Si el evangelio nos aparece como un preludio a la pasión, la primera lectura nos invita a
considerar el fruto más hermoso de esta misma pasión: la nueva alianza. “He aquí, que vendrán días
–dice el Señor– en los que yo concluiré con la casa de Israel y con la casa de Judá una alianza
nueva”. Este pasaje de Jeremías es uno de los textos proféticos más altos y más vibrantes del Antiguo
Testamento. Nosotros lo tomaremos como tema de una meditación global sobre la alianza sabiendo
que hacemos con ello un paso decisivo en el camino para acercarnos a la Pascua.
La idea de la alianza constituye una especie de nota continua en el diálogo entre Dios y el
hombre. En torno a ella y sus renovaciones toma cuerpo la historia sagrada que se divide en dos
partes: Antiguo y Nuevo Testamento, es decir, antigua y nueva alianza.
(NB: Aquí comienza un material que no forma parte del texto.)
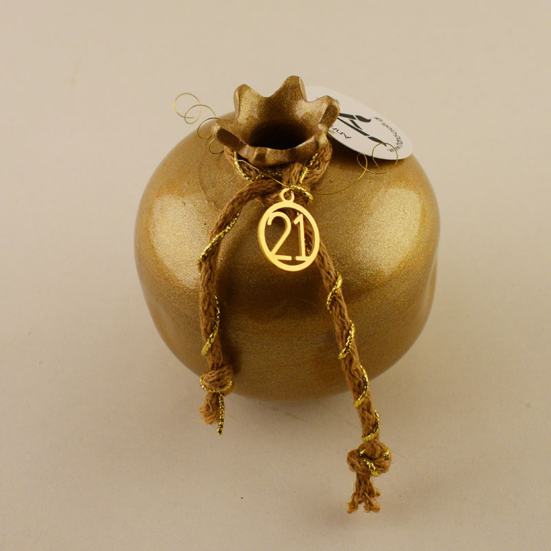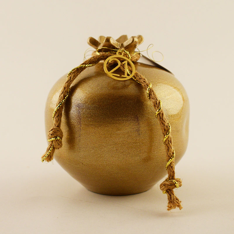 Χειροποίητο πήλινο γούρι ρόδι σε χρυσό χρώμα, χρυσή κορδέλα και ατσάλινο ”21”
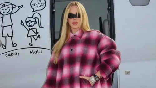 Usando um look rosa e preto, a empresária posou em frente ao seu jatinho, que ainda tem Zé Felipe e os filhos desenhados, e contou que está a caminho de Paris, na França.
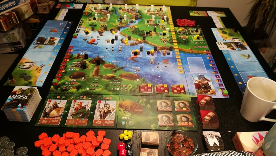 Setup pronto para uma partida usando as duas expansões (Fields of Fame e Hall of Heroes) Raiders of the North Sea
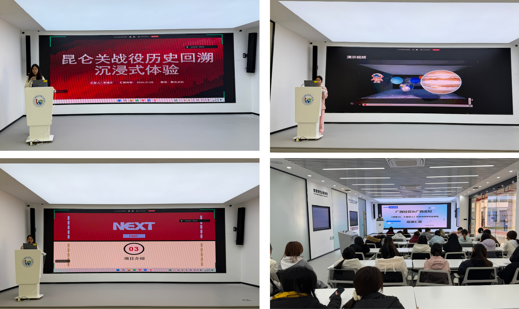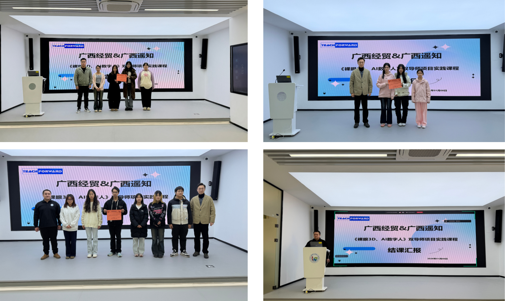 2026年1月8日下午,广西经贸职业技术学院2024级数字媒体技术专业“裸眼3D、AI数字人”双导师项目实践课结课汇报会成功举行。本次活动是学校深化产教融合、探索校企协同育人模式的又一重要成果,标志着数字媒体技术专业在实践教学改革上迈出了坚实步伐。

La alianza hunde sus raíces en la misma creación; en la decisión: Hagamos al hombre a
nuestra imagen, está expresado el proyecto de Dios de hacer del hombre una creatura inteligente y
libre para que fuera para él un interlocutor y un amigo. La primera manifestación de esta libertad
tomó, lamentablemente, la forma de un “no” a Dios; “el hombre perdió la amistad de Dios, pero Dios
no lo abandonó al poder de la muerte” (Plegaria euc. IV).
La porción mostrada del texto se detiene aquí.